Almonds are rich in omega-3 fatty acids that are good for the brain. It also has vitamin E, which protects the brain.

Pumpkin Seeds

Zinc, a mineral that is vital for memory and general brain function, is abundant in pumpkin seeds. The pumpkin seeds are also a good source of vitamin b, tryptophan, stress-busting magnesium, and the precursor to the feel-good chemical serotonin.

Beetroot

Beetroot is also one of the best foods for our nervous system. Beets’ naturally high levels of nitrates increase blood flow to the brain and improve mental function, while cancer-preventive antioxidants help in the blood’s toxin-cleansing process. Beet consumption on a regular basis may act as a potential defence against age-related brain disorders.

Walnuts

Nuts are incredibly beneficial for your brain because they are rich in vitamins, minerals, and monounsaturated fats, especially when it comes to avoiding memory loss and cognitive decline. 

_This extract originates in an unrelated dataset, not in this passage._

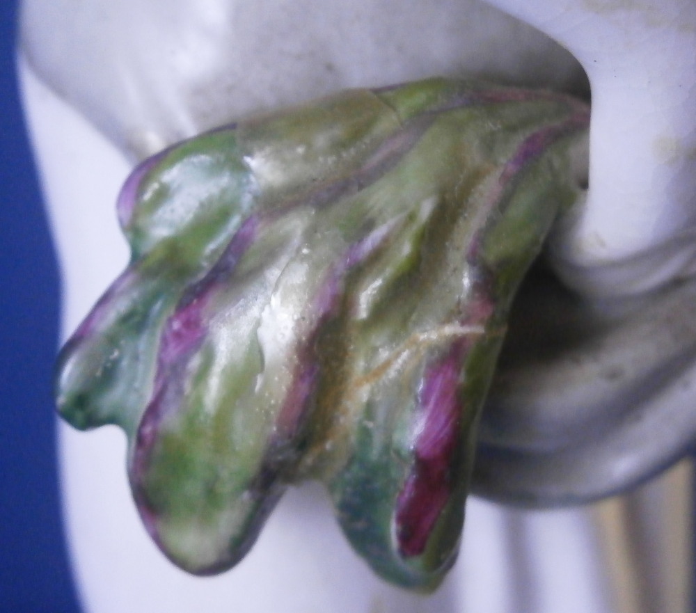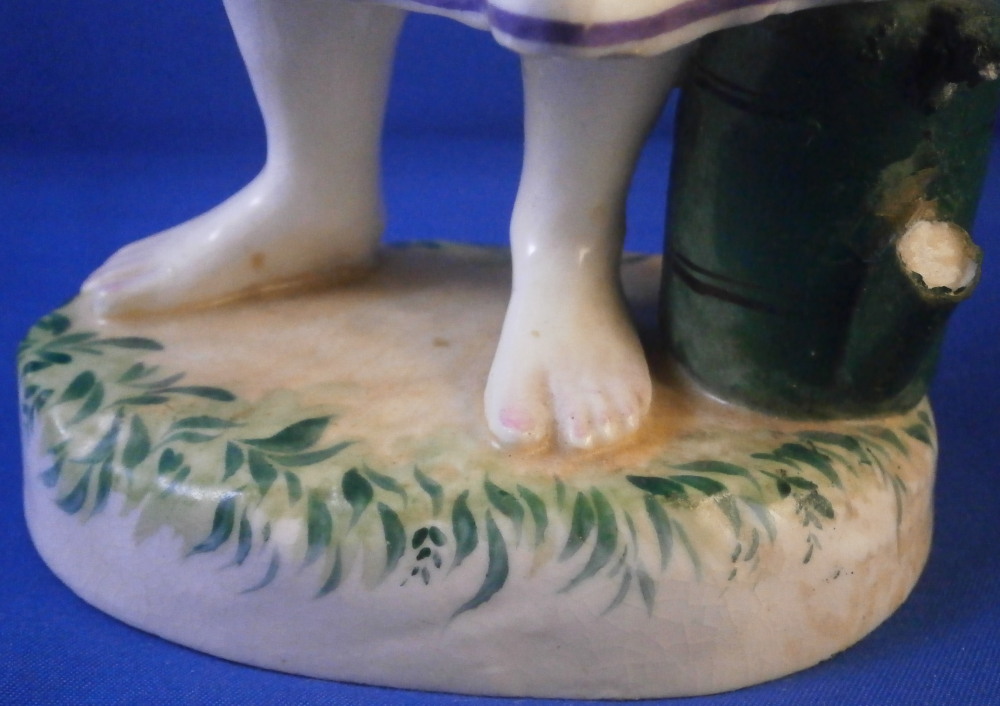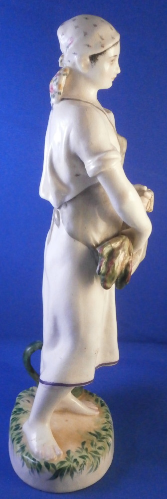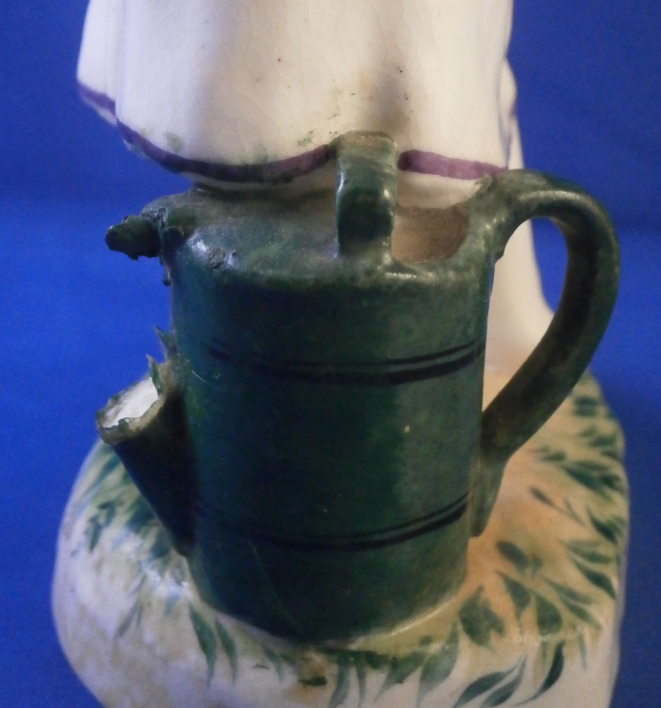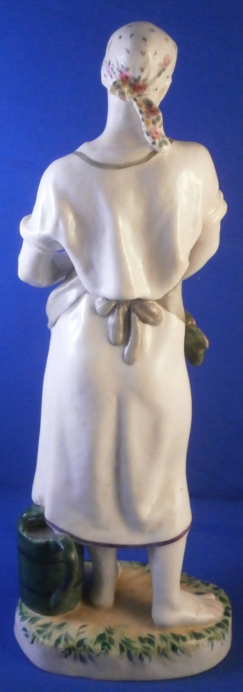 This is a rare original period figurine called the Gardener made by the State Porcelain Factory in Leningrad ( Used to be St. Petersburg Imperial factory ) in Soviet Russia in 1928. These Russian figurines from this period are quite rare and sought after! This figure was modelled by Alexander Terentewitsch Matweew in 1926. Unlike some of his other models this one of the gardening lady with vegetables in her apron is very rare. I have however sold one in better condition before. The figure is superbly modeled and hand painted and one of those pieces that just 'speaks' to you. Just amazing! The piece is of a lady gardener or peasant wearing a nicely painted cloth over her hair while picking beets or radishes or something along those lines which she placed in her apron. A watering can by her side on a nicely painted base. The detail of the painting is amazing and looking at this piece one can understand why these pieces are so popular! The figure is in OK condition. The greenery of the vegetables has been restored quite well, The watering can was restored at the handles and is missing the entire spout section, the apron tip she is holding in her left hand should be draped over a bit longer and the back of her hat covering is missing one of the ends. Some fine crazing throughout and a firing line on her left should side. An easy fix for a good restorer and this examples is a lot cheaper than the one in better condition I already sold. So it is easily worth the cost of having her brought back to perfection! The figurine is marked underneath with the impressed hammer and sickle mark with the piece of cog and 1928 (a rare anniversary mark) as shown. Also an impressed square with the artist initials in it. The figurine is larger than most being 10.125 inches tall, 3.75 inches wide and 2.625 inches deep. If you collect these pieces she is a must have! Please email me for more information or other pictures.

The polyphenols in walnuts are a special type of antioxidants that work together with omega-3 fatty acids to boost brain power and performance.

Whole Grains

Glucose, the main source of energy for the brain, is found in carbohydrates like whole grains. Whole grains help keep you alert for several hours since the body breaks down their carbs very slowly. On the other hand, processed grains cause your energy levels to surge and then drop, leaving your brain tired and weak.

Turmeric

Turmeric’s powerful antioxidant curcumin is what makes it so beneficial for our brain. Curcumin crosses the blood-brain barrier easily and increases oxygen consumption in your brain, keeping you alert and able to process information.